Attackers compromised two widely used GitHub Actions workflows — actions-cool/issues-helper and actions-cool/maintain-one-comment — by redirecting all repository version tags to a malicious “imposter commit” that does not appear in the normal commit history. Any CI/CD pipeline that referenced either workflow by version tag automatically pulled and executed the malicious code, which extracted credentials from runner memory and exfiltrated them to an attacker-controlled server. StepSecurity researcher Varun Sharma identified the compromise, and GitHub subsequently disabled the maintain-one-comment repository for terms of service violations.
How the Imposter Commit Technique Made Malicious Code Invisible to Code Reviewers
The attack did not require a visible pull request or commit to either repository’s standard history. Instead, attackers redirected all existing version tags — the references that downstream workflows use to pin to a specific release — to a malicious commit that was not visible through normal PR review or commit log inspection. Any organization reviewing the actions-cool repository for suspicious code changes would not find the malicious commit through standard browsing.
This technique exploits the trust that GitHub Actions workflows place in version tags. When a workflow file specifies uses: actions-cool/issues-helper@v3, it fetches whatever commit the v3 tag currently points to — and the attacker’s tag redirection meant every existing tag pointed to the malicious payload.
Credential Extraction via Bun Runtime and Runner.Worker Process Memory
The malicious code executed a three-step credential theft sequence on affected CI/CD runners. First, it downloaded the Bun JavaScript runtime to the Actions runner environment. Second, it used Bun to read memory from the Runner.Worker process — the GitHub Actions component that holds in-memory credentials, tokens, and secrets during pipeline execution. Third, it exfiltrated the extracted credentials via HTTPS to the attacker-controlled domain t.m-kosche[.]com.
The full scope of affected tags across both repositories was not disclosed at time of reporting.

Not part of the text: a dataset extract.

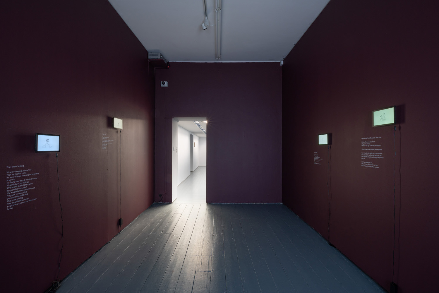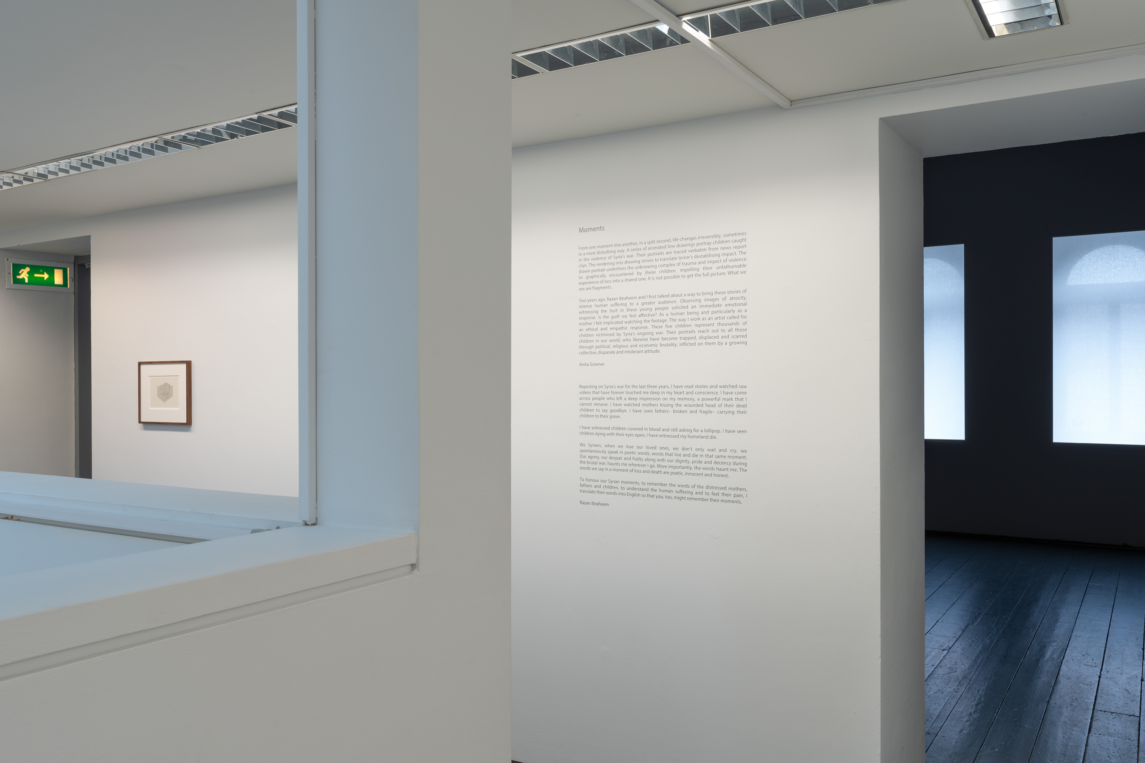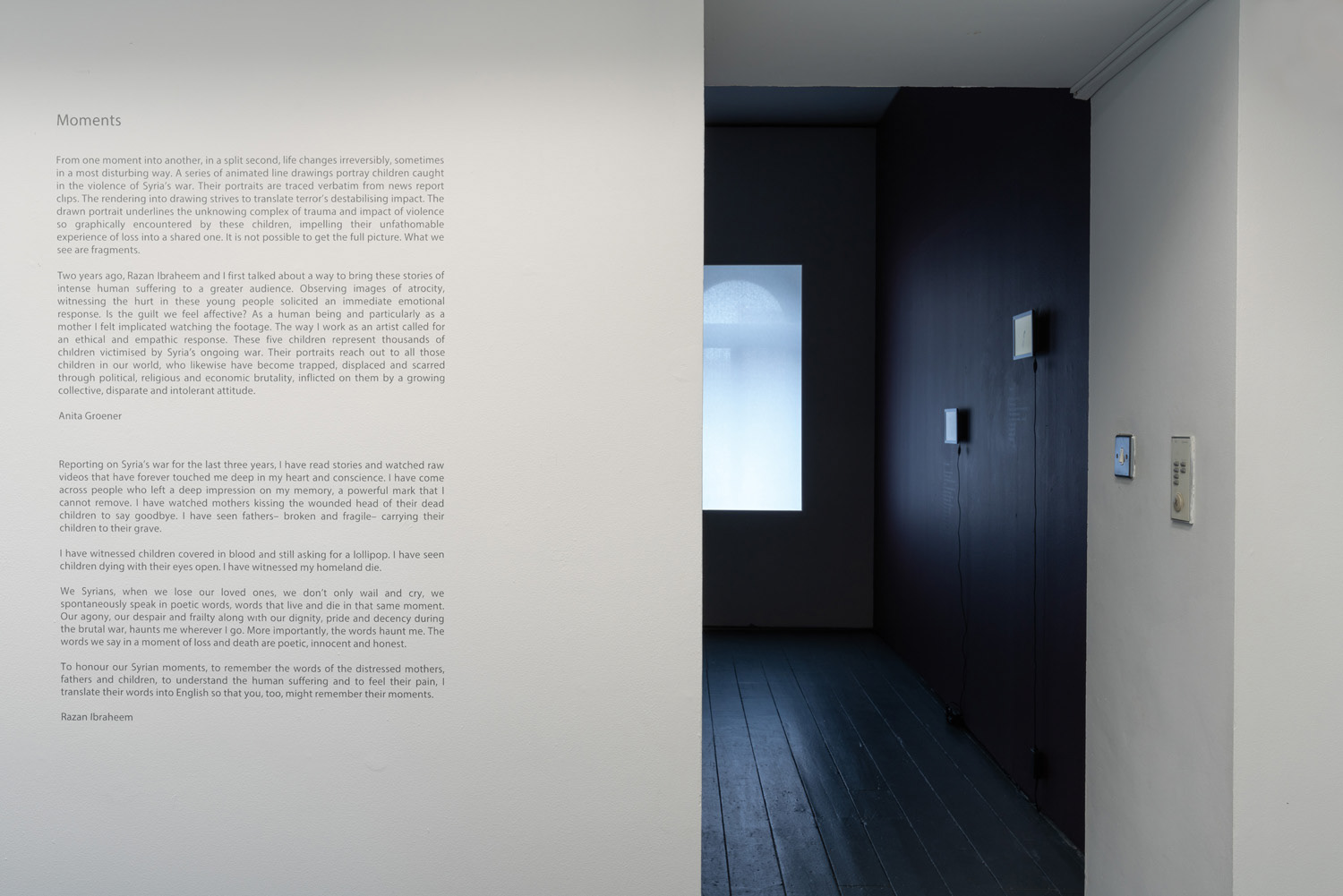 In the mezzanine gallery space, a series of drawing animations, Moments, is based on the testimonies of five children or those close to them, who became victims of Syria's war. The drawings are five miniature portraits. Groener collaborated with journalist Razan Ibraheem, who reported on the war and gathered the testimonies. The words, which are quietly devastating, are written onto the gallery walls by children at a local inner-city school. As Ibraheem writes: "I have watched mothers kissing the wounded head of their dead children to say goodbye ... I have witnessed children covered in blood and still asking for a lollipop.."
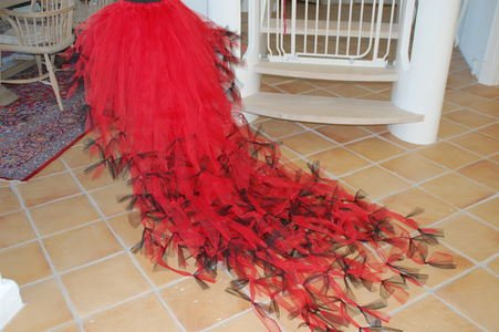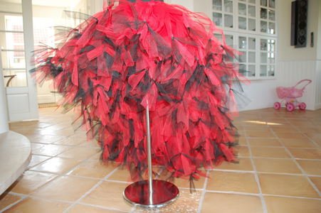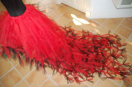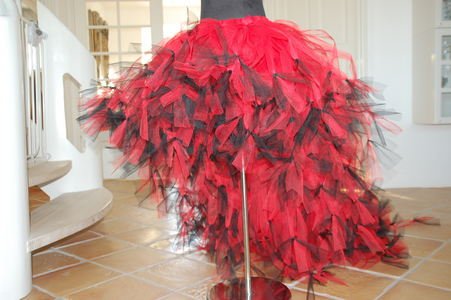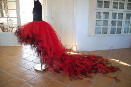 Smukt langt skørt i rød og sort, kan dog laves præcis i de farver du ønsker. Prisen afhænger af str. send en mail på m.e@os.dk for pris.

SHA-Pinned Workflows Were the Only Ones Unaffected
Workflows that referenced the actions-cool repositories by specific commit SHA hash rather than by version tag were not affected. A SHA pin specifies the exact commit to fetch — it cannot be silently redirected by manipulating a tag. Workflows using version tags such as @v3 or @latest had no protection against the redirection.
The distinction between tag-based and SHA-pinned GitHub Actions references has been a recurring security guidance point for CI/CD pipeline hardening. This incident demonstrates the operational consequence of that distinction: tag-based workflows at scale became active credential theft vectors while SHA-pinned equivalents were unaffected.
The t.m-kosche[.]com Domain and a Link to the Mini Shai-Hulud npm Campaign
The exfiltration domain t.m-kosche[.]com used in the actions-cool attack was also linked to the Shai-Hulud npm campaign reported separately on May 18–19, 2026. The shared infrastructure suggests either that the same threat actor was responsible for both the npm campaign and the GitHub Actions compromise, or that the domain was part of shared criminal infrastructure used across multiple simultaneous campaigns.
The connection between the actions-cool compromise and the Shai-Hulud npm campaign indicates a coordinated or overlapping effort targeting developer credentials across multiple supply chain vectors during the same period: malicious packages in the npm registry, hijacked maintainer accounts in the @antv ecosystem, and compromised GitHub Actions tags — all simultaneously directing stolen credentials toward the same attacker-controlled infrastructure.
GitHub has disabled the maintain-one-comment repository. Affected organizations are advised to audit CI/CD pipeline logs for evidence of execution of either compromised workflow and treat any secrets that ran through those pipelines as potentially compromised.